┏━━

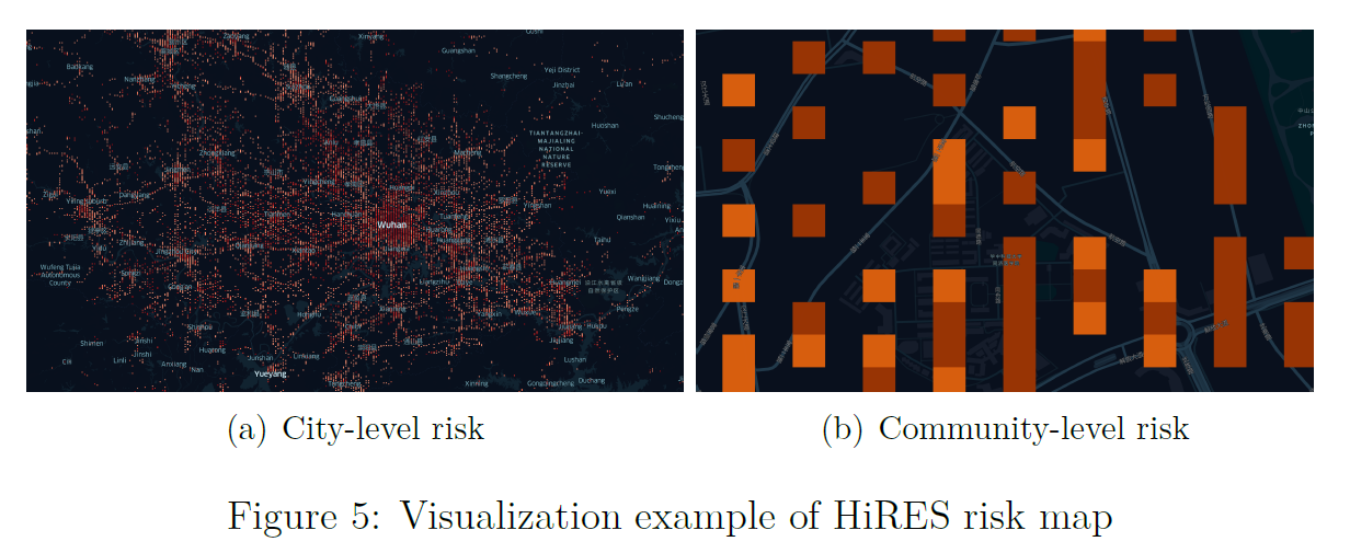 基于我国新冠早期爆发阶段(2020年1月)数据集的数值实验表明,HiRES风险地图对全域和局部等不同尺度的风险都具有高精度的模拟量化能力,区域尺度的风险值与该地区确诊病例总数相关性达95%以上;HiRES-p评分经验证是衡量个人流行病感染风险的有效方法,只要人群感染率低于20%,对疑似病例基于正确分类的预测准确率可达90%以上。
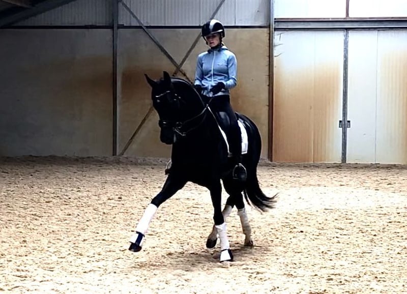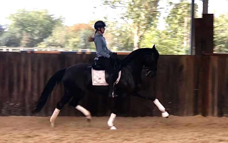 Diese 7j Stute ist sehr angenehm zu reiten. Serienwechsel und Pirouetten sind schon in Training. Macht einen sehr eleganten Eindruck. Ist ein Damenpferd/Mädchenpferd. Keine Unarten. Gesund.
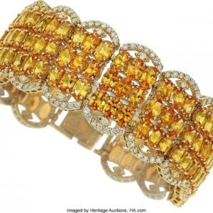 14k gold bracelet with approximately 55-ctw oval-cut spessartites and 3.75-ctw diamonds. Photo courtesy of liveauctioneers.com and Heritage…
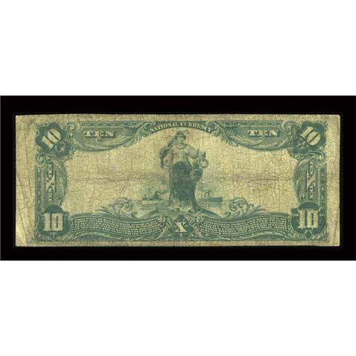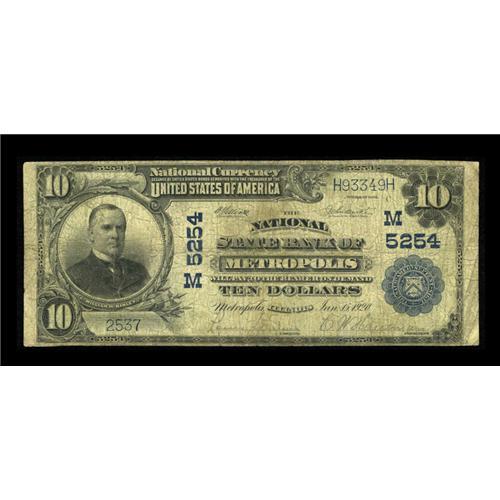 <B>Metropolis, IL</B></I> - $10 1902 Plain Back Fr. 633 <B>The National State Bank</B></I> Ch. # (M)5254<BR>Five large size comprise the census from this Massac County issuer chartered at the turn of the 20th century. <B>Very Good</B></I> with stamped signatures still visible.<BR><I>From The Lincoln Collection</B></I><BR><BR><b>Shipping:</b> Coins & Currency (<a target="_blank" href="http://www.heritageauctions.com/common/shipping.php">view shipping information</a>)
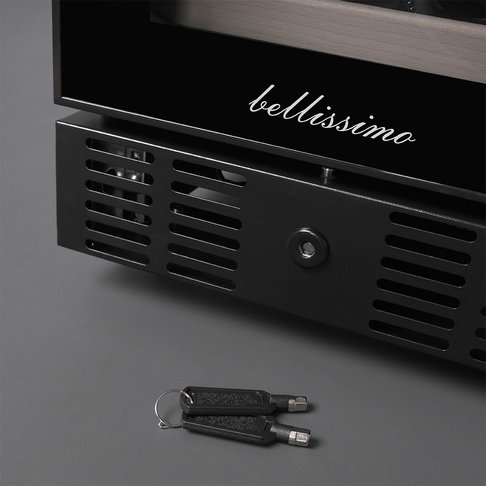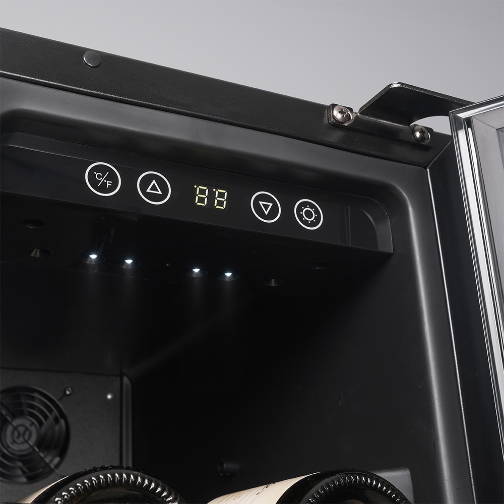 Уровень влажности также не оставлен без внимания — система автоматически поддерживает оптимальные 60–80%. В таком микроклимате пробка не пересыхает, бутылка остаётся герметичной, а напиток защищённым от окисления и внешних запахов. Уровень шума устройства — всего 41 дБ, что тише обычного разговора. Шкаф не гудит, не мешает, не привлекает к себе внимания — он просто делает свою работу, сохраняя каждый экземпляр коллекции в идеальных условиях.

┗━━

*WHAT IS REQUIRED:* Word for word, output the whole listing, but not its pictures.

*REPLY TO THE TASK:*
 基于我国新冠早期爆发阶段(2020年1月)数据集的数值实验表明,HiRES风险地图对全域和局部等不同尺度的风险都具有高精度的模拟量化能力,区域尺度的风险值与该地区确诊病例总数相关性达95%以上;HiRES-p评分经验证是衡量个人流行病感染风险的有效方法,只要人群感染率低于20%,对疑似病例基于正确分类的预测准确率可达90%以上。
 Diese 7j Stute ist sehr angenehm zu reiten. Serienwechsel und Pirouetten sind schon in Training. Macht einen sehr eleganten Eindruck. Ist ein Damenpferd/Mädchenpferd. Keine Unarten. Gesund.
 14k gold bracelet with approximately 55-ctw oval-cut spessartites and 3.75-ctw diamonds. Photo courtesy of liveauctioneers.com and Heritage…
 <B>Metropolis, IL</B></I> - $10 1902 Plain Back Fr. 633 <B>The National State Bank</B></I> Ch. # (M)5254<BR>Five large size comprise the census from this Massac County issuer chartered at the turn of the 20th century. <B>Very Good</B></I> with stamped signatures still visible.<BR><I>From The Lincoln Collection</B></I><BR><BR><b>Shipping:</b> Coins & Currency (<a target="_blank" href="http://www.heritageauctions.com/common/shipping.php">view shipping information</a>)
 Уровень влажности также не оставлен без внимания — система автоматически поддерживает оптимальные 60–80%. В таком микроклимате пробка не пересыхает, бутылка остаётся герметичной, а напиток защищённым от окисления и внешних запахов. Уровень шума устройства — всего 41 дБ, что тише обычного разговора. Шкаф не гудит, не мешает, не привлекает к себе внимания — он просто делает свою работу, сохраняя каждый экземпляр коллекции в идеальных условиях.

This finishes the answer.